Le ministre Morneau estime que le taux d’imposition marginal pour les entreprises au Canada en tenant compte de ces trois mesures est désormais plus avantageux de cinq pour cent que celui offert par les États-Unis, et le plus compétitif des pays du G7.
«Des jets privés et des limousines»
Contrairement à la mise à jour économique de l’an dernier qui capitalisait sur une forte croissance économique, celle de mercredi prévoit peu de nouveaux revenus pour financer ces nouvelles mesures. Ceux-ci varient entre 5,3 milliards $ en 2019-2020 et 4,1 milliards $ en 2022-2023.
Aucun retour à l’équilibre budgétaire n’est prévu ni à court terme ni dans un deuxième mandat libéral. Le déficit anticipé est légèrement plus bas que ce que le dernier budget prévoyait, mais augmentera de près de 2 milliards $ annuellement au cours des années subséquentes. Celui-ci, qui devait s’élever à 17,8 milliards $ en 2019-2020 selon les prévisions du budget de 2018, se chiffrera plutôt à 19,6 milliards $ lors de cette année financière, puis diminuerait graduellement par la suite.
Les conservateurs s’inquiètent de l’ampleur de ces déficits et rappellent que le gouvernement avait promis en campagne électorale que «le budget s’équilibrerait de lui-même».
«Le gouvernement a déjà avoué que la raison pour laquelle (il a) beaucoup d’argent, c’est à cause de facteurs temporaires hors de (son) contrôle, s’est insurgé le député Pierre Poilièvre en faisant référence aux taux d’intérêt très bas, à la vigueur du secteur immobilier et à la croissance économique internationale.
«C’est la raison pour laquelle nous revendiquons que le gouvernement utilise cette richesse afin d’équilibrer le budget et ne la gaspille pas.»

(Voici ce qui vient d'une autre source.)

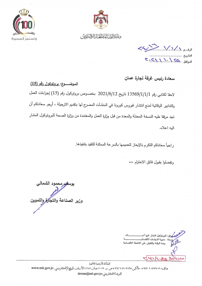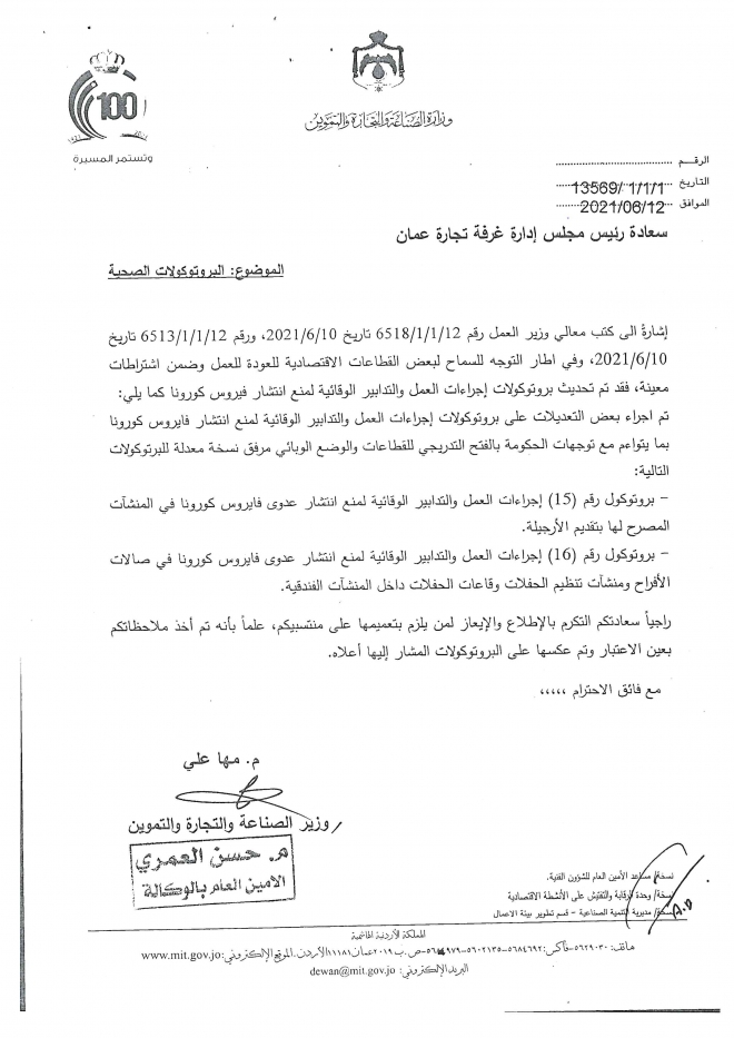 واكد الحاج توفيق ان يتطلب الان التزام المنشاة بالتوقيع على تعهد خاص باتخاذ الاجراءات الاحترازية والتدابير الوقائية وفقا لاشتراطات وبروتوكولات التدابير الوقائية الصادرة عن وزارة العمل كما اشترط البرتوكول ان يكون العاملين في المنشاة من متلقي جرعتي مطعوم كوفيد 19 او جرعة واحدة ومن غير المتخلفين عن موعد الجرعة الثانية او ان يتم احضار فحص PCR سلبي النتيجة ولم يمض عليه اكثر من 72 ساعة كل احد وخميس ( سند اخضر) . اضافة الى اجراءات اخرى موضحة في البروتوكول.. شاهد
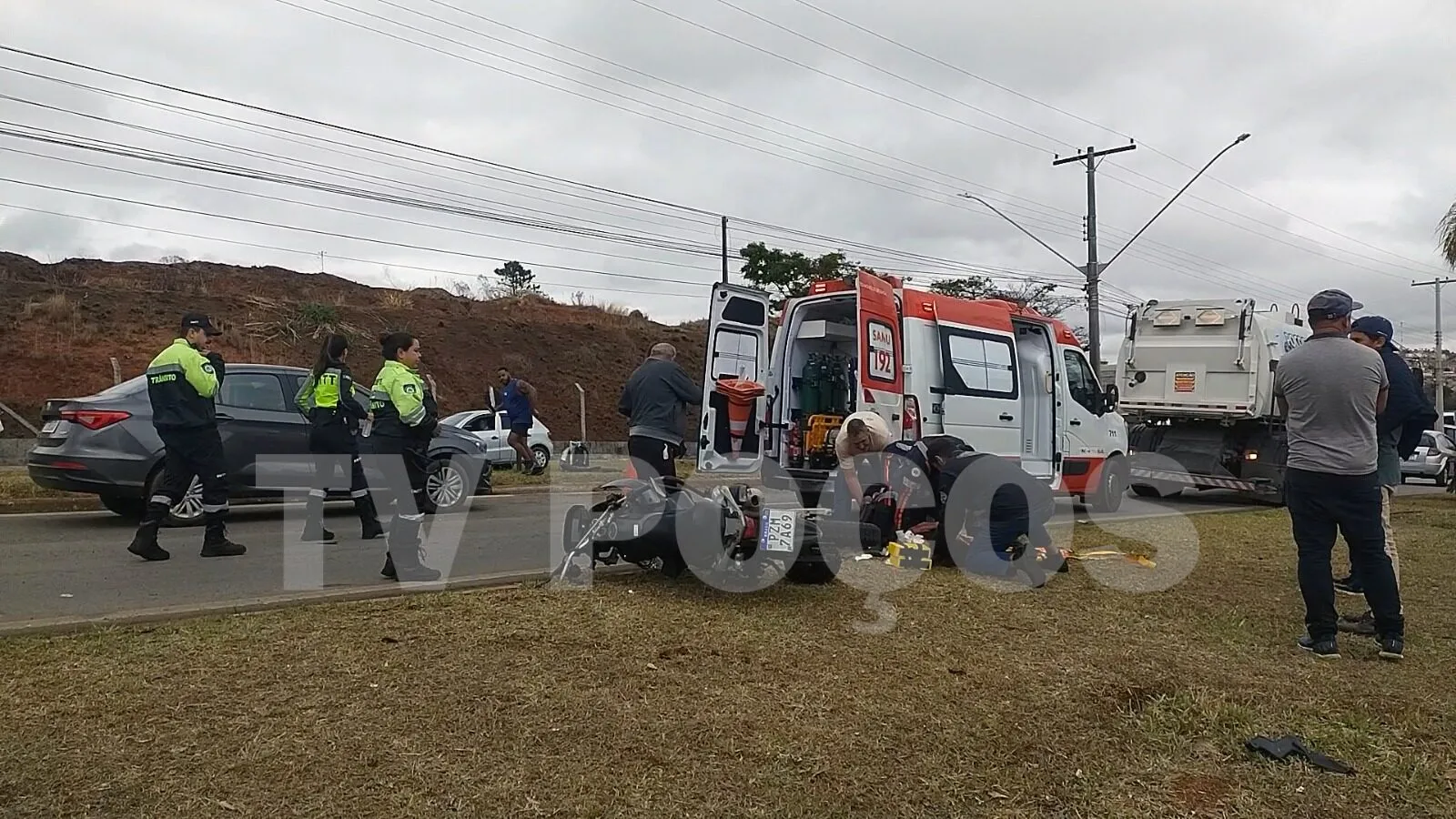 Segundo informações apuradas pela equipe da TV Poços no local, a mulher pilotava uma motocicleta quando colidiu com o paralama de um caminhão da Prefeitura, que realizava serviços de limpeza na via no momento do acidente. De acordo com relatos, ela teria sofrido fraturas graves na região do tórax.
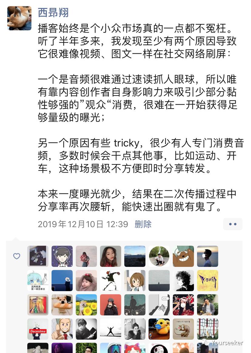 当然,此前并非没有产品尝试过把播客扩展为一种社交方式,但它们基本都没成功。
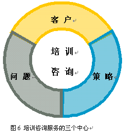 當(dāng)然,提升效果對于培訓(xùn)咨詢服務(wù)提供商來說是一個(gè)很高的要求,不但要有專業(yè)運(yùn)營經(jīng)驗(yàn)和精深的行業(yè)知識(shí),還需要從"以問題為中心"的思路過渡到關(guān)注"問題、客戶、策略"三個(gè)中心(如圖6 所示)。
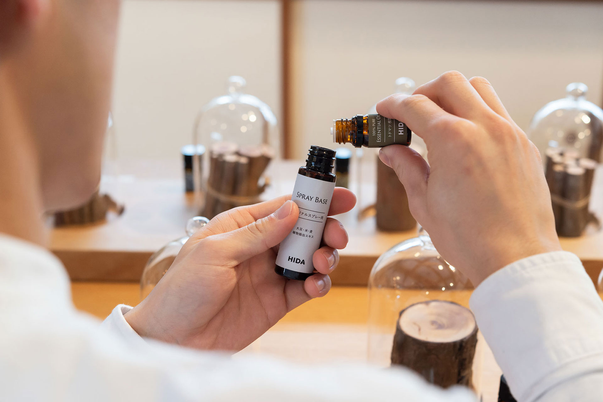 スプレーベースに自社製造の100%天然・無添加の精油の中からお好きな精油をブレンドして、オリジナルのアロマスプレーが作れます。
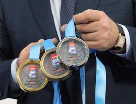 Медали, представленные на пресс-конференции, посвященной чемпионату мира по хоккею с шайбой – 2016.…
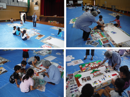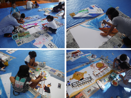 ぜひとも参加したい!という意欲のある子どもたちが講堂に集まりました。子どもたちは目を輝かせながら描き進めていきます。
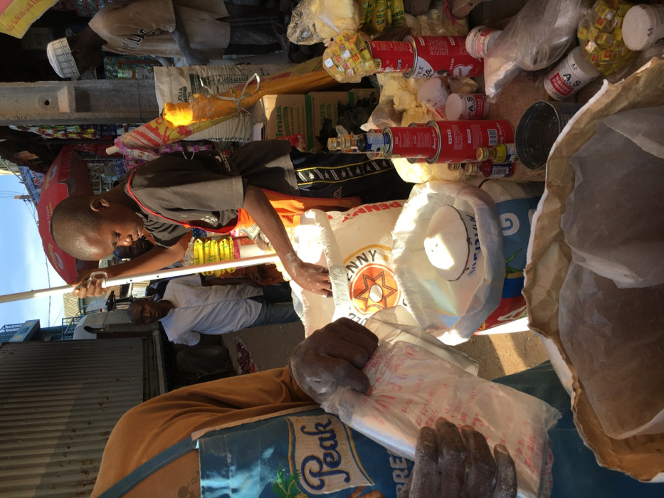 The image depicts an active outdoor market setting in Jos, Nigeria, under bright daylight. In the immediate foreground, the left side shows the torso and arms of an individual wearing a brown long-sleeved shirt and a blue apron bearing the "Peak" brand logo. Their hands, covered in a white powdery substance, hold a clear plastic bag. Directly to their right, a young male, likely a vendor, is centered. He has a shaved head, wears a black t-shirt, an orange apron, and dark track pants, and is actively handling white powder from a large white sack emblazoned with the "PENNY" brand and a star logo. He holds a white measuring scoop in his right hand, while his left hand is immersed in the powder. Adjacent to this sack, another open sack contains a white, bowl-shaped measuring scoop. To the right of the young vendor, a display of various goods includes stacks of red cans (some marked "TEX"), small yellow cuboid packets, and small bottles of colored liquids. In the mid-ground, behind the young vendor, a man in a light blue button-down shirt stands near the rear of a large commercial truck. Further right in the background, another man in a light brown traditional garment and a white cap stands, his hands also appearing dusted with white powder, near additional market displays. The environment indicates a busy commercial street or market area.

M. Morneau a défendu son approche qu’il qualifie de «responsable» et d’«optimiste» et a expliqué pourquoi il préfère éviter une élimination rapide des déficits.
«Ce que ça voudrait dire, c’est que nous devrions faire des compressions et adopter une approche fondée sur l’austérité, ce qui aurait à notre avis l’effet inverse que ce que nous tentons d’accomplir, soit le maintien de la croissance (économique) et (de la création) d’emploi», a-t-il affirmé.
Le chef du Nouveau Parti démocratique (NPD), Jagmeet Singh, a accusé le ministre Morneau de jouer au père Noël avec les entreprises en leur donnant des mesures fiscales tout en oubliant les citoyens.
«Ça permettra aux corporations d’acheter des jets privés et des limousines en même temps que M. et Mme Tout-le-monde souffrent avec des grands problèmes dans leurs vies.»
«Ça ressemble à un chocolat de Pâques, a comparé le député bloquiste Gabriel Ste-Marie. C’est bien beau de l’extérieur, mais c’est vide en dedans. Quand on dit que le fédéral est loin du monde, on en a tout un exemple avec cet énoncé budgétaire là.»
Il fait valoir que le gouvernement fédéral a ignoré les préoccupations des Québécois en n’augmentant pas le transfert en santé.
La chef du Parti vert Elizabeth May s’est désolée que la mise à jour économique ne contienne aucune mesure pour éliminer les énergies fossiles. «Il n’y a aucune compréhension que nous vivons une urgence climatique», a-t-elle signalé.
Le chef du Parti populaire du Canada, Maxime Bernier, aurait voulu, quant à lui, que le ministre des Finances aille plus loin en abolissant les subventions aux entreprises et en réduisant leur taux d’imposition à 10 pour cent pour attirer les investissements étrangers.